[oe] [PATCH] packagekit: Updated to 0.8.13

Felipe Tonello eu at felipetonello.com
Tue Dec 10 01:17:56 UTC 2013


Hi Koen,

On Thu, Nov 28, 2013 at 3:03 AM, Koen Kooi <koen at dominion.thruhere.net> wrote:
> -----BEGIN PGP SIGNED MESSAGE-----
> Hash: SHA1
>
> Paul Eggleton schreef op 28-11-13 11:58:
>> On Thursday 28 November 2013 11:49:18 Koen Kooi wrote:
>>> Paul Eggleton schreef op 28-11-13 11:32:
>>>> Hi Koen / Felipe,
>>>>
>>>> On Thursday 28 November 2013 10:22:31 Koen Kooi wrote:
>>>>> Felipe F. Tonello schreef op 28-11-13 01:56:
>>>>>> From: "Felipe F. Tonello" <eu at felipetonello.com> This recipe
>>>>>> supports the backend for packagekit dynamically based on the
>>>>>> IMAGE_PKGTYPE.
>>>>>
>>>>> NAK! IMAGE_FEATURES should *never* change non-image recipe params.
>>>>> This breaks using feeds horribly.
>>>>
>>>> IMAGE_PKGTYPE is influenced by PACKAGE_CLASSES; so this is not about
>>>> IMAGE_FEATURES, and correct me if I'm wrong but maintaining package
>>>> feeds
>>>>
>>>> would generally preclude switching to an alternative package
>>>> manager,
>>>>
>>>> right?
>>>
>>> No, it's perfectly possible to build both opkg and rpm, which is what
>>> I'm currently doing.
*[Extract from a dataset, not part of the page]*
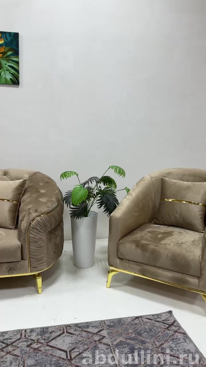 Комплект из дивана и двух кресел в приглушенном бежевом цвете с золотистыми акцентами. Обивка — мягкий велюр с бархатистой текстурой, приятная на ощупь. Стильная стяжка «капитоне» на спинках добавляет ретро-шика.

When doing that the DISTRO.conf does need to make
>>> a decision on what to support for things like packagekit.
>>>
>>>> Some options:
>>>>
>>>> 1) Apply the patch as-is. Changing the order/value of
>>>> PACKAGE_CLASSES will mean this and anything that depends upon it will
>>>> rebuild.
>>>>
>>>> 2) Install the appropriate backend via some code in the image
>>>> recipe. Obviously this means you have to do this for every image
>>>> recipe though.
>>>>
>>>> 3) Use non-dynamic PACKAGECONFIG. Of course this means you'll have
>>>> to remember to change this manually if you change PACKAGE_CLASSES or
>>>> it'll just be broken at runtime.
>>>>
>>>> Honestly, option 1 sounds like the best course to me here. This is
>>>> rather a special case compared to other recipes.
>>>
>>> 1) will let you end up with packagekit_1.0.ipk that only supports RPM
>>
>> Correct, it would. I agree that's not ideal. Neither is having it broken
>> by default for some people though (unless you just set all backends to on
>> by default, that is.)
>>
>>> 2) Is what we would really want, but I don't think packagekit supports
>>> that :(
>>
>> This patch looks like it is splitting out the backends into separate
>> packages...
>
> If that's the case, 2) is the route to go.
>

It does split into packages. I splited it up in packages just so if
the user wants to have different backend options, it can.

The problem with this aproach, is that you will add the apt and opkg
dependency to the build even if the user doesn't care about it. I
don't like this option to be honest.